Namun berdasarkan fakta yang terjadi di lapangan, tunjangan
sertifikasi, tunjangan fungsional dan tunjangan kinerja yang diberikan kepada
guru justru menyita waktu guru untuk melakukan pengurusan dalam melengkapi
berkas pencairan tunjangan tersebut. Akibatnya proses belajar mengajar yang
dilakukan oleh guru terkadang tidak berjalan secara maksimal. Selain itu,
terdapat sebagian guru yang kurang memiliki kepedulian terhadap peserta
didiknya sehingga melahirkan kesan guru hanya sekedar melepaskan tanggung jawab
mengajar semata di sekolah atau madrasah, yang berimbas pada ketidak pedulian
terhadap tanggung jawab mendidik.
Dampak dari hal tersebut, tentunya ada pada peserta didik yang
membutuhkan perhatian guru. Guru seolah-olah lepas tangan dan memaksa peserta
didik untuk memecahkan masalah belajarnya sendiri.

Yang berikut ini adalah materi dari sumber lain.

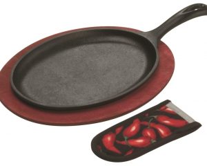Lowest price ever on the Lodge Pre-Seasoned Cast Iron Fajita Set! Get it right now for only $13.16. This would make such a fun gift! Cast-iron surface conducts heat better than other materials; surface grows more stick-resistant with use Decorative chili-pepper handle mitt protects hands from hot temperatures Preseasoned to prevent food from sticking (though coating first with oil or spray is recommended) Includes 10-by-7-inch oval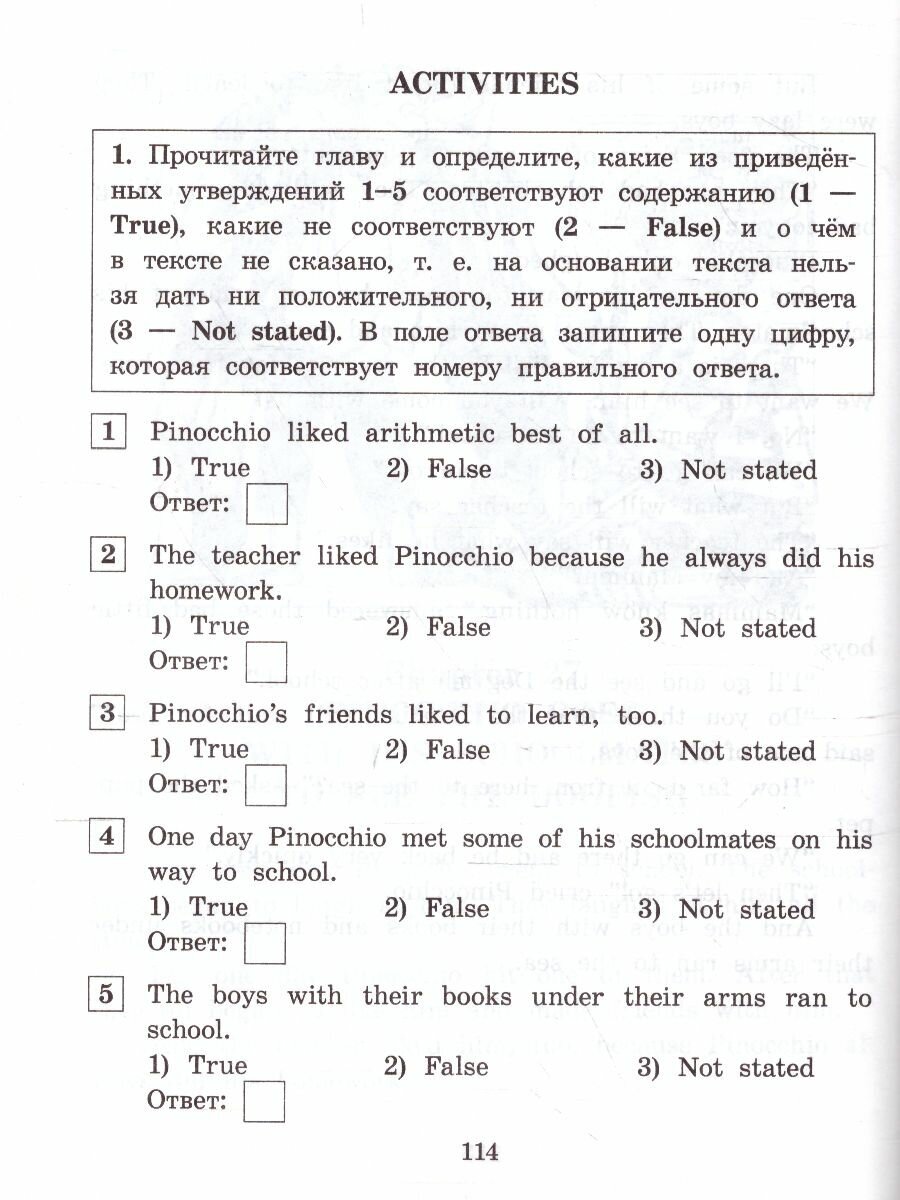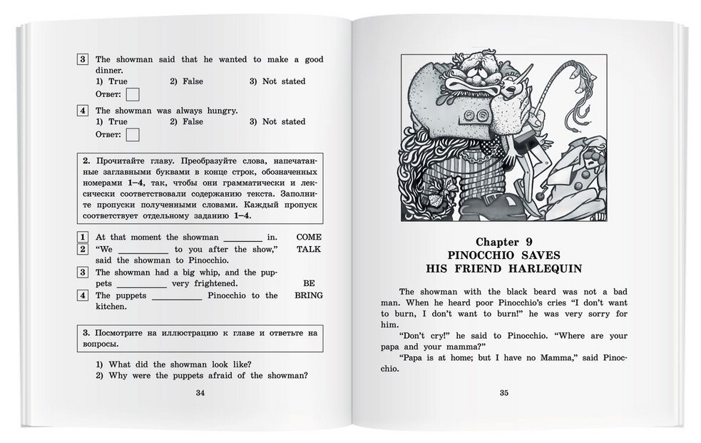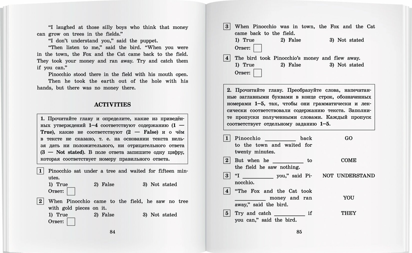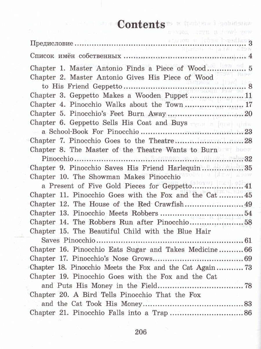 Книга представляет собой адаптацию знаменитой сказки итальянского писателя Карло Коллоди (1826 — 1890) "Приключения Пиноккио". Чтение этой великолепной книги о необыкновенных приключениях деревянного мальчика неизменно приносит радость детям и взрослым. Данное пособие поможет учащимся средней школы подготовиться к основному государственному экзамену по английскому языку. Текст пособия адаптирован в учебных целях до уровня Elementary. Каждая глава сопровождается упражнениями, направленными на формирование коммуникативной компетенции учащихся. Упражнения позволят сформировать коммуникативные умения в чтении, письменной речи и говорении, а также развить лексико-грамматические навыки. В конце пособия помещён словарь, а также тест в формате ОГЭ с ключами. Книга предназначена учащимся 5 - 8 классов образовательных организаций, а также широкому кругу лиц, изучающих английский язык.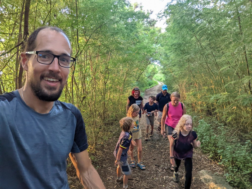 Le retour à la maison est plus casse-cou car il fait noir. Nous nous éclairons à la lumière des natels et de la lampe frontale des Calvayrac. Etonnamment, ce n’est pas un enfant qui s’encouble et tombe dans le fossé, c’est Gabrielle 🤦🏼♀️ ! Heureusement, plus de peur que de mal, car sa chute est en mode ralenti et quelques branchages la retiennent. Elle ne récoltera au final que quelques griffures et des tout petits bleus.
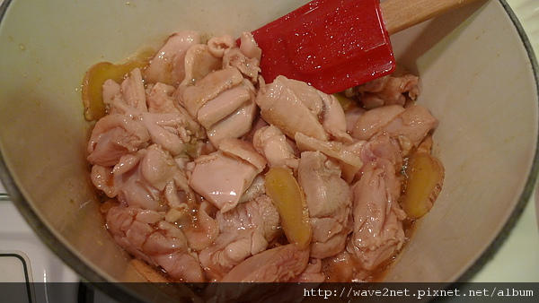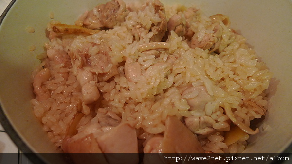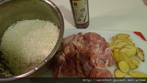 材料:白米 / 雞腿肉切丁/ 老薑切片 / 黑麻油 / 米酒 / 醬油膏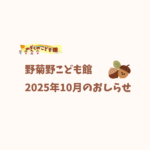2025/09/27 / 最終更新日時 : 2025/10/03 野菊野こども館スタッフ お知らせ 野菊野こども館2025年10月のおしらせ 朝晩涼しい日が増えてきて、お散歩するのに良い季節になってきましたね。野菊野こども館では子どもたちや親子のみなさんが、遊んだりのんびりしたりと、それぞれ楽しい時間を過ごしていますよ。 10月も遊びに来てください♪ < 野菊 […]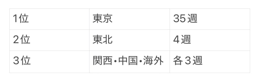 せめて2位の東北4週を来年は8週に出来るよう、何か策を立てたいところ()。
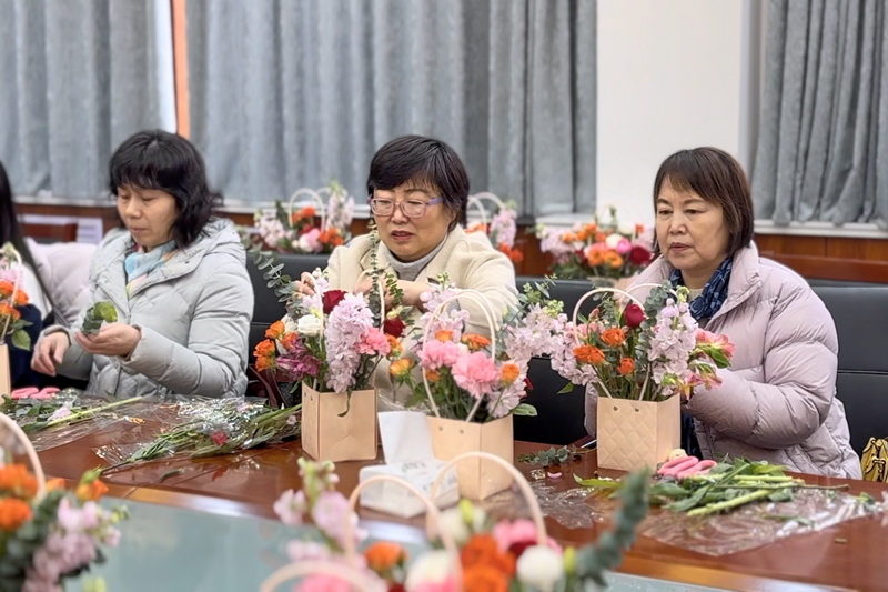 机电学院、材料学院、数学学院分别举办主题插花活动。在花艺师的指导下,女教职工学习体验了插花技艺,创作了一盆盆独具匠心、色彩斑斓的插花作品,不仅展现了女教师们对美的独特理解和追求,也蕴含着她们对生活的热爱和对未来的美好祝愿。活动现场花香四溢,笑语盈盈,洋溢着温馨浪漫的节日氛围。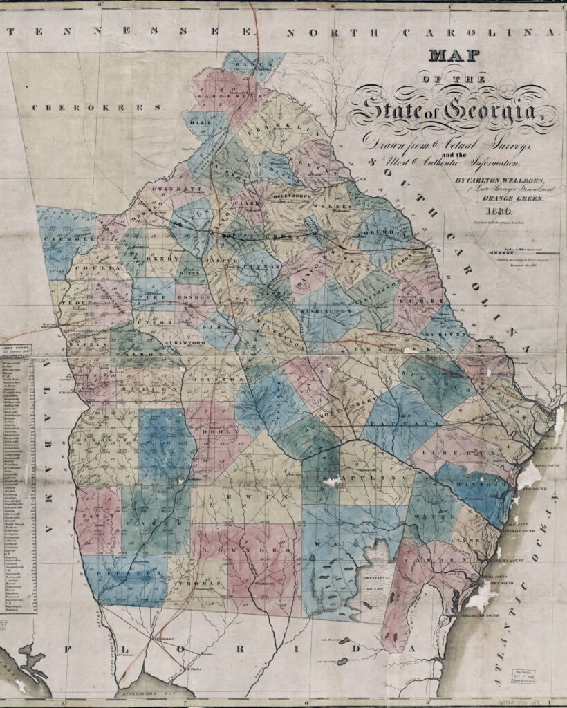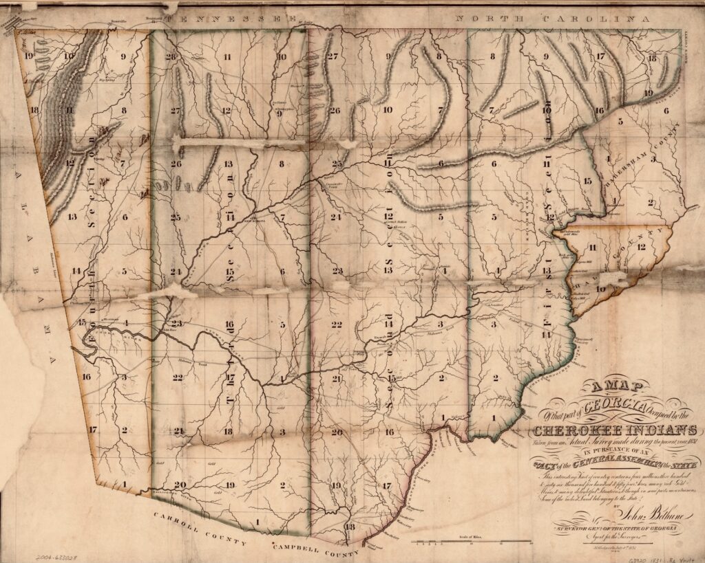 By the time of Chief Ross’s address, the Cherokee had ratified their national constitution, established their National Council, courts, and election system, and were publishing the bilingual Cherokee Phoenix newspaper due to the efforts of Sequoyah (a.k.a George Gist, c.1776 – 1843), the self-taught Cherokee linguist who developed the Cherokee syllabary. While asserting that they were a sovereign nation within the United States, the Cherokee had taken steps towards acculturation. Land grabs, such as those in the 1792 Treaty of Holston, had diminished the range of the Cherokee lands, but the biggest threat to Cherokee sovereignty was the 1828 discovery of gold in northwest Georgia’s mountains. Citizens of Georgia sought to take this land from the Cherokee so they could reap the benefits of America’s first gold rush. By 1832, the state of Georgia set up a land lottery to parcel out Cherokee lands to white Georgians. The whites would assume ownership of those lands once the Cherokees were forced westward.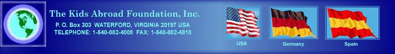 Bruce Cleveland, President The Kids Abroad Foundation P.O. Box 303 Waterford, VA 20197 Phone: 540-882-4008 Fax: 540-882-4810 Email: info@kidsabroad.org
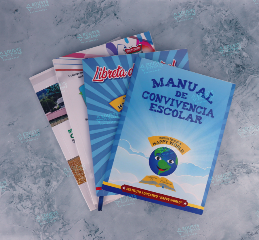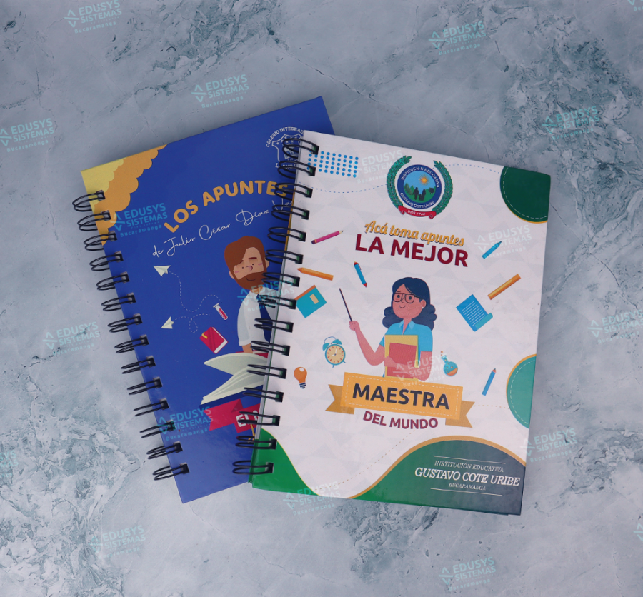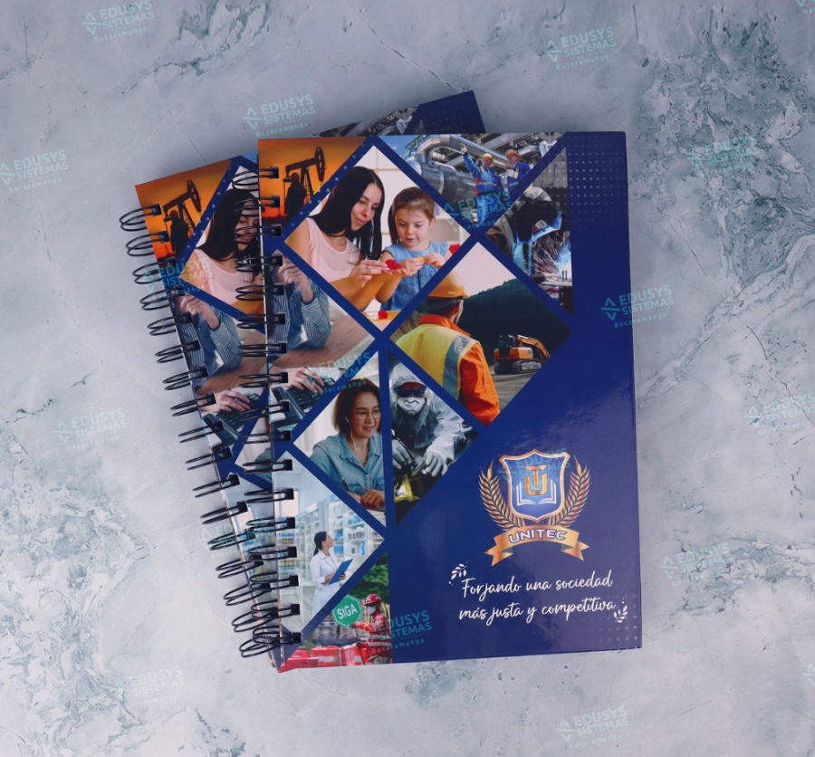 Elaboración de manuales y agendas escolares, diferentes tamaños y materiales.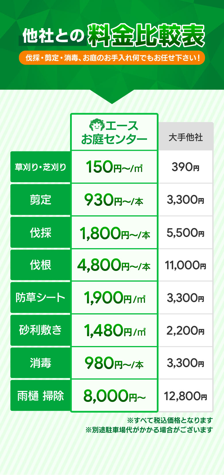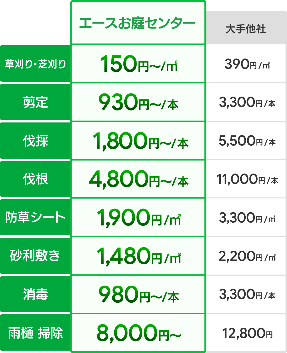 - Aエースお庭センターのスタッフは、数多くの作業を行ってきております。安全を第一に考え、作業させていただきますのでご安心ください。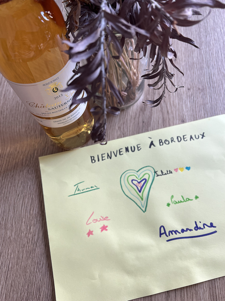 Les petites surprises : à Bordeaux, nos hôtes nous ont gratifiés de petits chocolats pour les enfants, de deux bouteilles de vin et d’un petit mot rédigé par leurs enfants. Adorable ! De notre côté, nous avions également laissé du vin et des olives achetées sur le marché qu’on adore, et j’ai regretté la petite attention à laquelle je n’ai pas pensé pour leurs trois filles… En repartant, on leur a laissé à notre tour des petits chocolats et un petit mot de remerciements. Mot qu’on a également trouvé chez nous en rentrant… Vraiment chouette !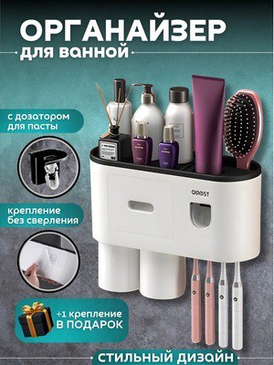Органайзер Артикул - 225901865 Рейтинг - 4,9⭐️ Органайзер с дозатором для пасты без сверления и держатель зубных щеток представляет собой незаменимый аксессуар для ванной комнаты. Этот настенный дис

Seiring dengan diterapkannya kurikulum 2013, maka peserta didik
diarahkan untuk mampu untuk menyelesaikan masalah belajarnya secara mandiri
melalui pendekatan saintifict.
Penerapan kurikulum 2013 di era moderen ini tentunya sejalan dengan
teori belajar yang telah ditetapkan oleh ahli sebelumnya melalui teori-teori
belajar yang mengarahkan pada lahirnya model-model pembelajaran. Salah satu
teori belajar yang sejalan dengan penerapan kurikulum 2013 ini adalah teori
belajar pemecahan masalah.
Sehingga yang menjadi fokus pembahasan pada makalah ini adalah
teori belajar pemecahan masalah.
B.
Rumusan Masalah
Adapun yang menjadi rumusan masalah
dalam makalah ini adalah sebagai berikut:
1.
Bagaimana
teori belajar pemecahan masalah?
2.
Bagaimana
model-model teori belajar pemecahan masalah?
BAB II
PEMBAHASAN
A.
Teori Belajar Pemecahan Masalah
1. Problem Solving
George Polya adalah tokoh yang
dikenal sebagai bapak problem solving setelah menghabiskan banyak
waktu bersama Szego dalam menulis buku tentang problem-problem analisis tentang
matematika pada tahun 1913. Beliau banyak menulis tentang analisis penyelesaian
masalah sehingga ide dan gagasannya tersebut dijadikan sebagai dasar lahirnya
teori problem solving.[2]
Problem solving adalah salah satu bagian dari teori belajar
pemecahan masalah yang dikembangkan oleh para ahli. Teori belajar ini
dikembangkan dari teori konstruktivisme yang berpandangan bahwa setiap
peserta didik harus memaknai pengalaman dan pemahaman yang dimilikinya sehingga
proses pembelajaran yang dilalui dapat dapat dimaknai.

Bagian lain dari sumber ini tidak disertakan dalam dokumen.